Assignment: Print the lines of the listing below verbatim from its first line through the line bearing "8 Drawers Dresser". Any pictures are to be omitted.

Information supplied:
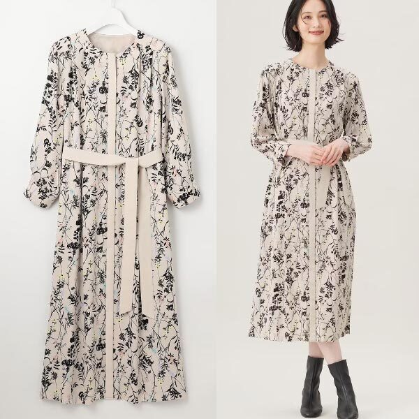 縦に流れるような植物柄が大人っぽく、サテンジョーゼットの美しいドレープ性も相まって、
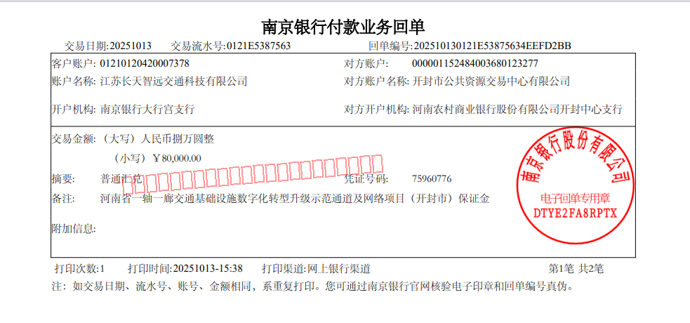 | 甲方名称: | 开封市公路事业发展中心 | 乙方名称: | 江苏长天智远交通科技有限公司 |
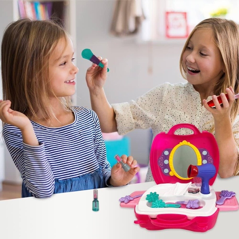 Набор парикмахера Салон красоты для роскошных девчонок. Теперь все аксессуары даже лучше, чем у мамы. Тут найдется и фен, и расческа, и гребешок, и парфюм, и косметика, тени и даже отдельная кисточка для них. Каждый элемент игрового набора изготовлен из качественной пластмассы, очень детализирован, что сделает игру в правдоподобной и увлекательной.
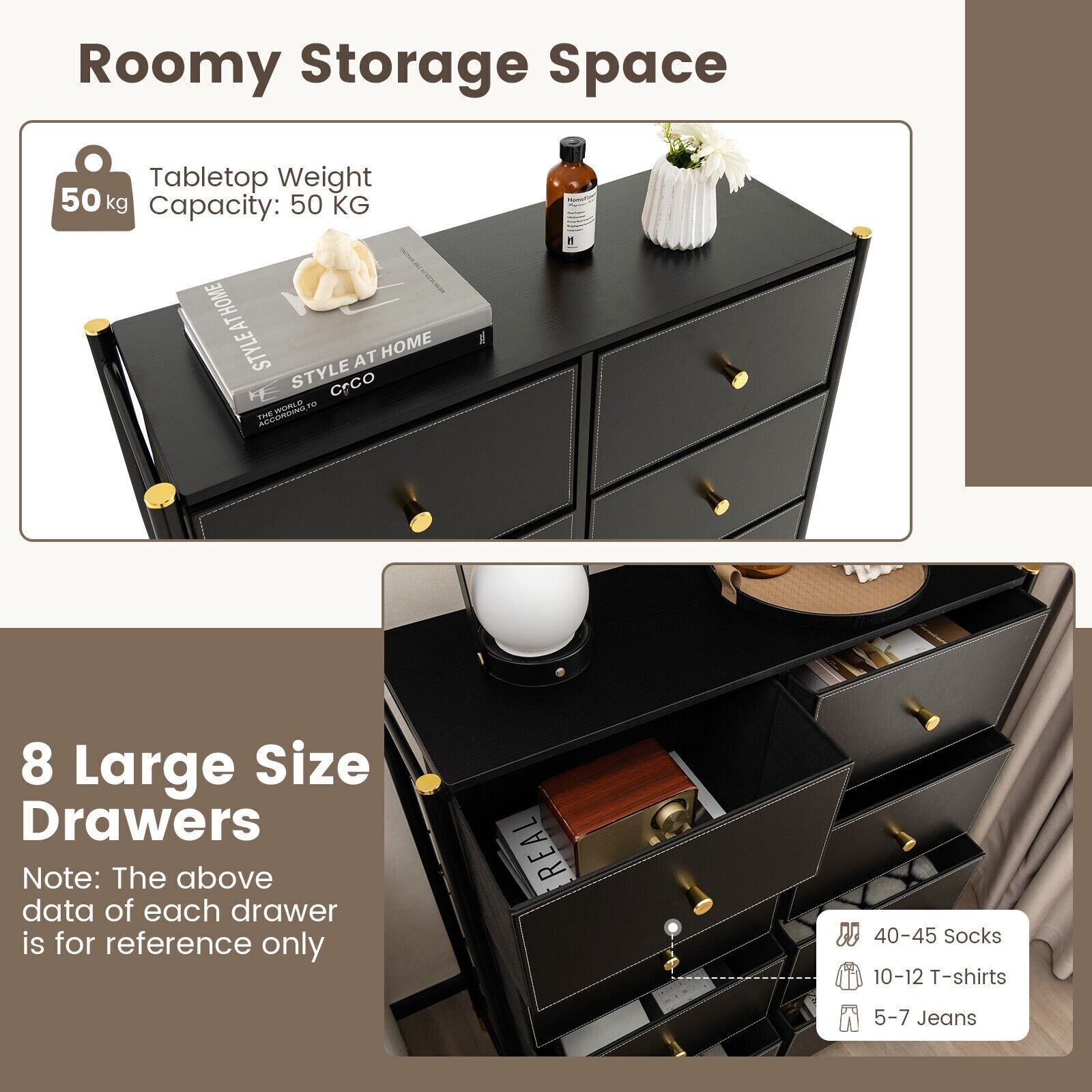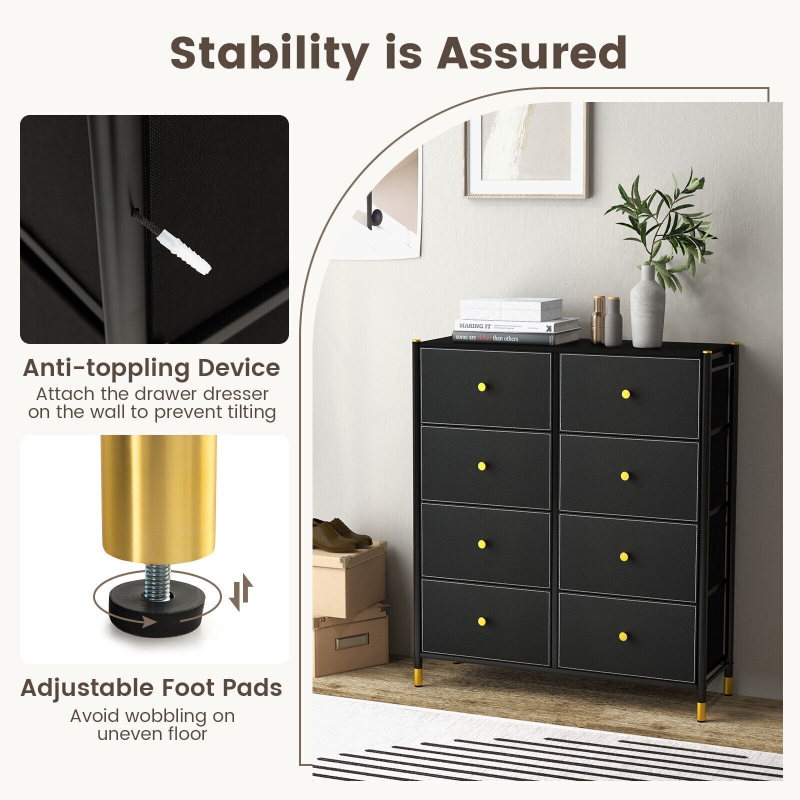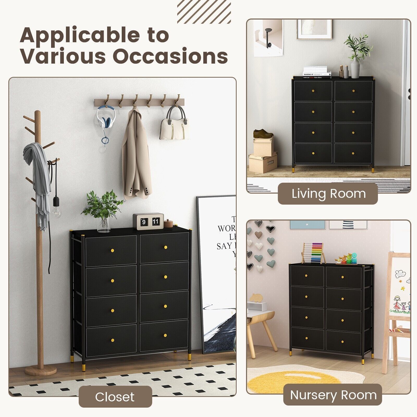 8 Drawers Dresser Tower Organizer Fabric Storage Chest of Drawers Metal Frame
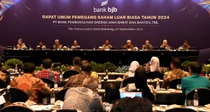 KOTA BANDUNG — Penjabat Gubernur Jawa Barat Bey Machmudin berpesan kepada Komisaris Utama yang baru membawa bank bjb menjadi perbankan terdepan di Indonesia. Rapat Umum Pemegang Saham (RUPS) Luar Biasa tahun 2024 PT BJB di Trans Luxury Hotel, Kota Bandung, Kamis (5/9/2024), menghasilkan Taswin Zakaria sebagai Komisaris Utama. Bey mengingatkan pentingnya integritas dalam menghadapi berbagai tantangan perbankan, apalagi dengan membawa ...
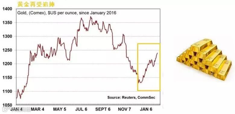 澳洲国民银行(NAB)在最新大宗商品展望报告中表示,特朗普政府的非传统经济政策,英国脱欧谈判的不确定性,以及欧洲民粹主义抬头,意味着全球地缘政治风险加重,今年作为避险资产的黄金可能面临更大需求。
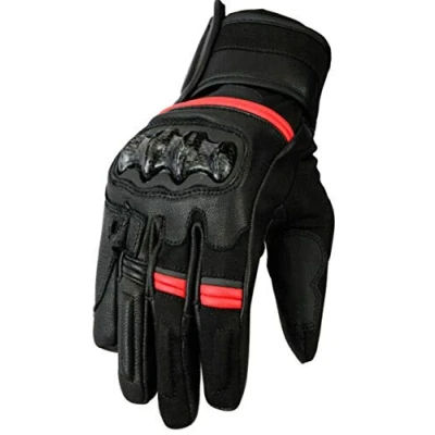Premium leather short motorcycle glove Hard armour for knuckle protection Easy fit wrist band
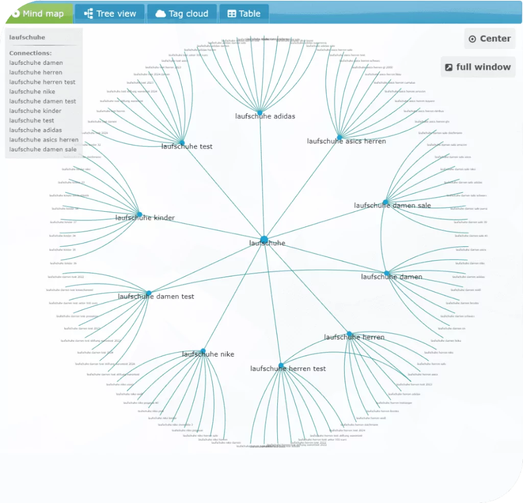 Oberhalb der Mind Map befinden sich fünf verschiedene Tabs, die jeweils eine andere Visualisierung der generierten Keywords bieten:
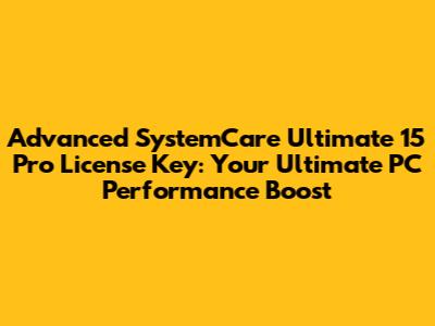 Hey guys! Let's talk about something super important for anyone who loves their computer running like a dream: Advanced SystemCare Ultimate 15 Pro license key. In today's digital world, our PCs do so much for us, from work and creativity to entertainment and staying connected. But let's be real, over time, they can get sluggish, cluttered, and just plain annoying. That's where a powerful tool like Advanced SystemCare Ultimate 15 Pro comes in, and getting your hands on a valid license key is your ticket to unlocking its full potential. We're going to dive deep into what makes this software a must-have, why you need a license key, and how it can totally transform your computing experience. Get ready to say goodbye to lag and hello to lightning-fast performance, folks!

Written response:
 縦に流れるような植物柄が大人っぽく、サテンジョーゼットの美しいドレープ性も相まって、
 | 甲方名称: | 开封市公路事业发展中心 | 乙方名称: | 江苏长天智远交通科技有限公司 |
 Набор парикмахера Салон красоты для роскошных девчонок. Теперь все аксессуары даже лучше, чем у мамы. Тут найдется и фен, и расческа, и гребешок, и парфюм, и косметика, тени и даже отдельная кисточка для них. Каждый элемент игрового набора изготовлен из качественной пластмассы, очень детализирован, что сделает игру в правдоподобной и увлекательной.
 8 Drawers Dresser Tower Organizer Fabric Storage Chest of Drawers Metal Frame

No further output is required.